Have you had a “stuff this moment” where you wanted to give it away and work for someone else?
Yes many times. I recently put up a PledgeMe Campaign to raise funds towards flights and accommodation. We didn’t reach our target which was a real setback. In return for volunteering, I would pay for my team’s trip there and back. I had to take out a loan to fund this instead. There’s so much planning involved in just this one event, and because it’s the first one, there definitely are moments when I want to walk away. But then I remember why I am doing all this for. I just get back up and find solutions.
What is your end goal?
My long term career goal has always been to head my own hospitality group, owning many operations and overseeing their performance. I have aspirations to write my own book and eventually when I feel like I’ve done enough, I want to be a lecturer and pass on my knowledge, maybe even start up a school.
What would you consider a successful business?

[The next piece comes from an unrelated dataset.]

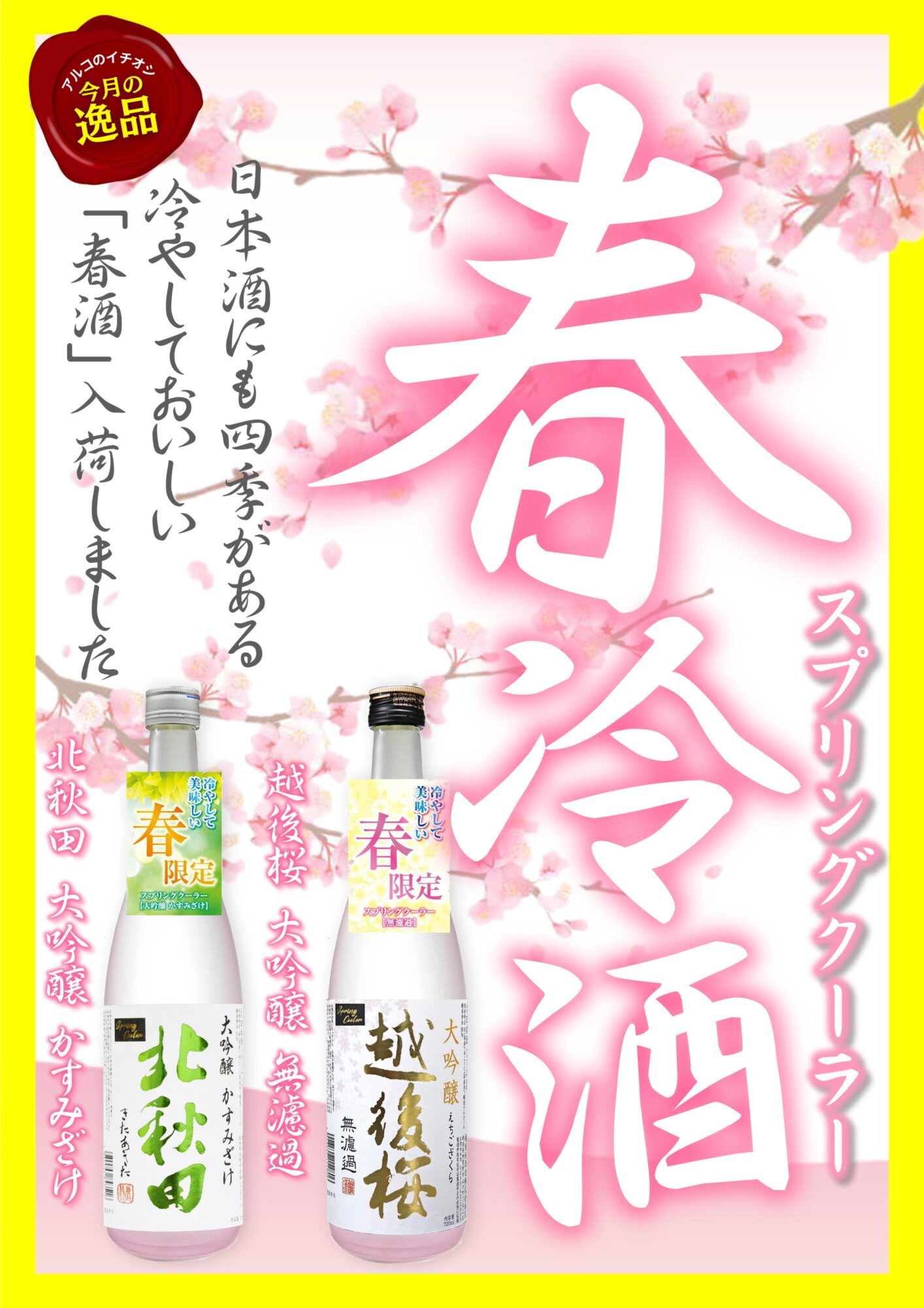 段々温かくなってきましたね! アルコでは春限定酒も続々と入荷しています! ※下記商品は錦店、静岡店、福井片町店では取り扱いのない商品がございます。ご了承下さい。

For me, a successful business would be one that operates smoothly and profitably that no longer requires my presence. This means I’ve done what I can for it and good sign to start another one.
Tell us about a startup or business that you really admire right now?
Definitely Uber and Airbnb. It is shaping consumerism; it’s a business model that generates revenue without owning any physical assets, which to me is genius.
And what are your plans after Buko Melbourne?
I definitely have a few pop-ups lined up in Auckland, and I am in talks of doing a few overseas. I’ll keep those interested in the loop on my website.